The data section start

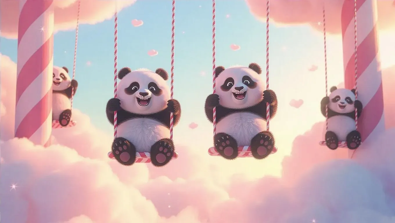 Fluffy, lavender cloud pandas swing joyfully between serene cloud pillars. Button noses twitch playfully, sleepy eyes twinkle with joy as they grip glowing candy cane-shaped ropes. Puffy paws dangle freely, clouds billow softly beneath them. Tiny cloud fairies hitch rides, giggling as they soar through the pastel sky, carried by the gentle breeze and the rhythmic sway of the panda swings.
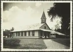 | Old Church of Watumea | Watumea, North Sulawesi | 1872 | Protestant | Indies | The church is the original wooden church building of Watumea, the first church in the city. The heritage wooden church was built in 1868 using local materials and was inaugurated on 8 December 1872. The design and construction were overseen by Hessel Rooker, a Dutch missionary. The church bell and other church appliances were imported from Germany. On 4 March 2003, the building was made a heritage building by the Ministry of Culture and Tourism.[26] | |
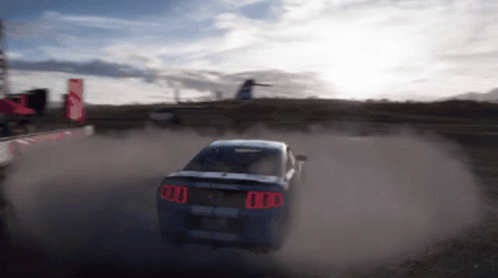 A blue Ford Shelby GT500 performs impressive drifts and burnouts in Forza Horizon 5, kicking up dust on the track.
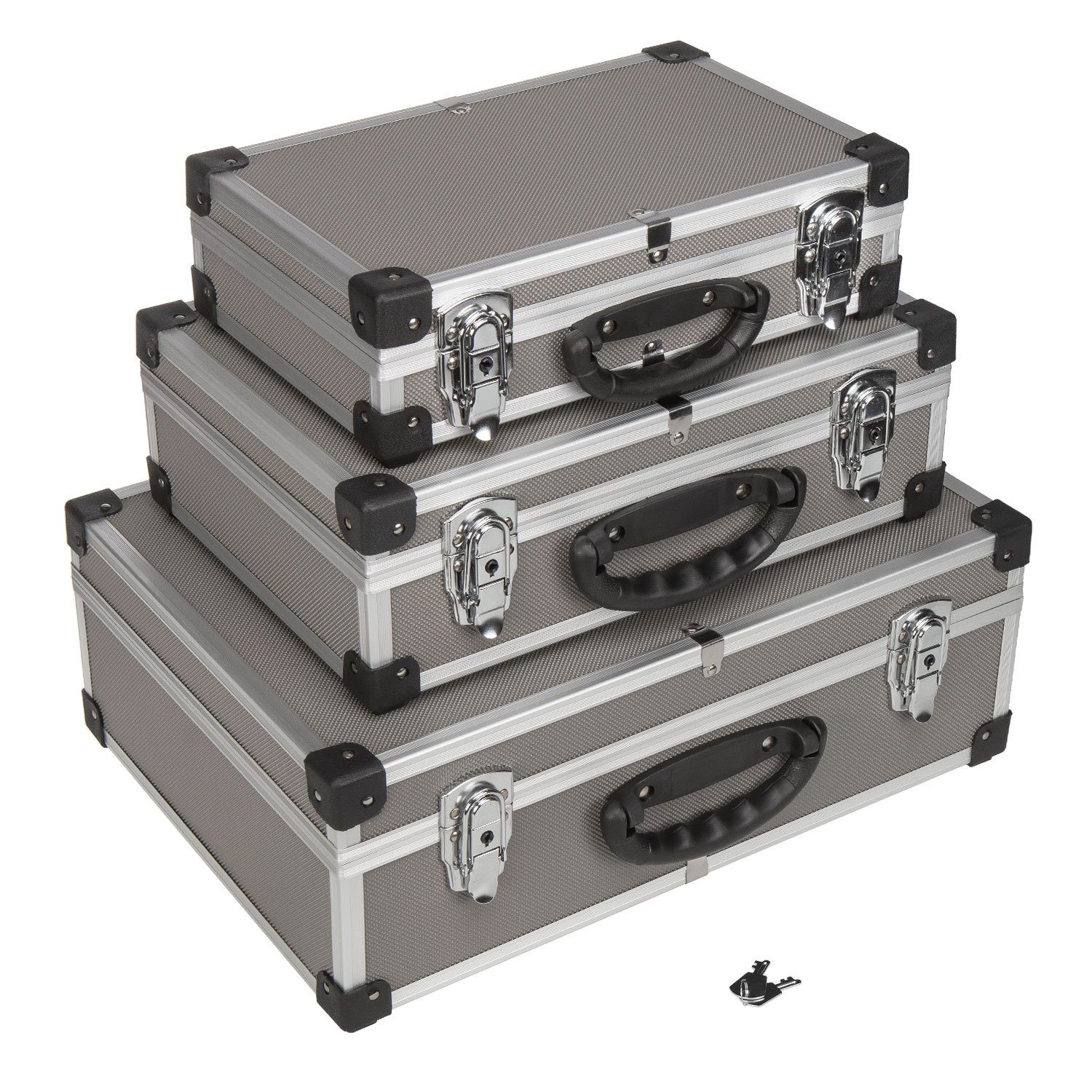 Extra stabiler Alukoffer für Transporte oder Präsentationen. Zur individuellen Aufbewahrung von Werkzeug, Messgeräten, Laptops, Münzen, Sammlungen und vielem mehr. Der robuste Alukoffer ist mit grauem Moosgummi ausgeschlagen. Die Koffer sind ineinander stapelbar für ein platzsparendes Verstauen beim Nichtgebrauch. Die Kanten sind mit glattem Aluminium und die Ecken zusätzlich mit Hart-Kunststoff verstärkt. Die silbernen Scharniere sind gut verarbeitet und versprechen eine lange Lebensdauer. Durch das Schloss, welches in den Arretierungsverschluss eingearbeitet ist, sind alle Koffer abschließbar.
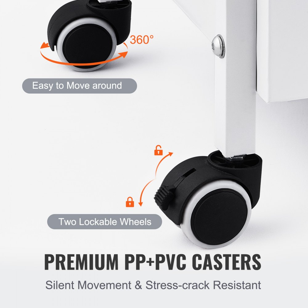 Ruedas giratorias de 360°: el carro utilitario de laboratorio tiene cuatro ruedas súper silenciosas que giran 360° para transportar equipos entre el laboratorio, y los dos dispositivos de frenado funcionan de manera segura cuando frenas repentinamente.
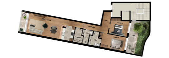 Comunicam directamente com a varanda com vista para o Parque verde da Cidade de Leiria. A cozinha terá mobiliário com acabamento em madeira, com apontamentos de painéis texturados e puxadores de perfil; Bancadas e frente de salpicos em composto de pedra com grafismos suaves em tonalidades bege ou cinza. Lava-loiças de encastre por baixo, torneira monocomando com chuveiro extraível na cor titânio. Pavimento em cerâmico bege, electrodomésticos embutidos.

The data section end

- Exercise brief:
At the line containing "Extra stabiler Alukoffer", start reproducing exactly, and stop after the last line of the listing; include both ends, and leave the pictures out.

- Answer to the exercise:
 Extra stabiler Alukoffer für Transporte oder Präsentationen. Zur individuellen Aufbewahrung von Werkzeug, Messgeräten, Laptops, Münzen, Sammlungen und vielem mehr. Der robuste Alukoffer ist mit grauem Moosgummi ausgeschlagen. Die Koffer sind ineinander stapelbar für ein platzsparendes Verstauen beim Nichtgebrauch. Die Kanten sind mit glattem Aluminium und die Ecken zusätzlich mit Hart-Kunststoff verstärkt. Die silbernen Scharniere sind gut verarbeitet und versprechen eine lange Lebensdauer. Durch das Schloss, welches in den Arretierungsverschluss eingearbeitet ist, sind alle Koffer abschließbar.
 Ruedas giratorias de 360°: el carro utilitario de laboratorio tiene cuatro ruedas súper silenciosas que giran 360° para transportar equipos entre el laboratorio, y los dos dispositivos de frenado funcionan de manera segura cuando frenas repentinamente.
 Comunicam directamente com a varanda com vista para o Parque verde da Cidade de Leiria. A cozinha terá mobiliário com acabamento em madeira, com apontamentos de painéis texturados e puxadores de perfil; Bancadas e frente de salpicos em composto de pedra com grafismos suaves em tonalidades bege ou cinza. Lava-loiças de encastre por baixo, torneira monocomando com chuveiro extraível na cor titânio. Pavimento em cerâmico bege, electrodomésticos embutidos.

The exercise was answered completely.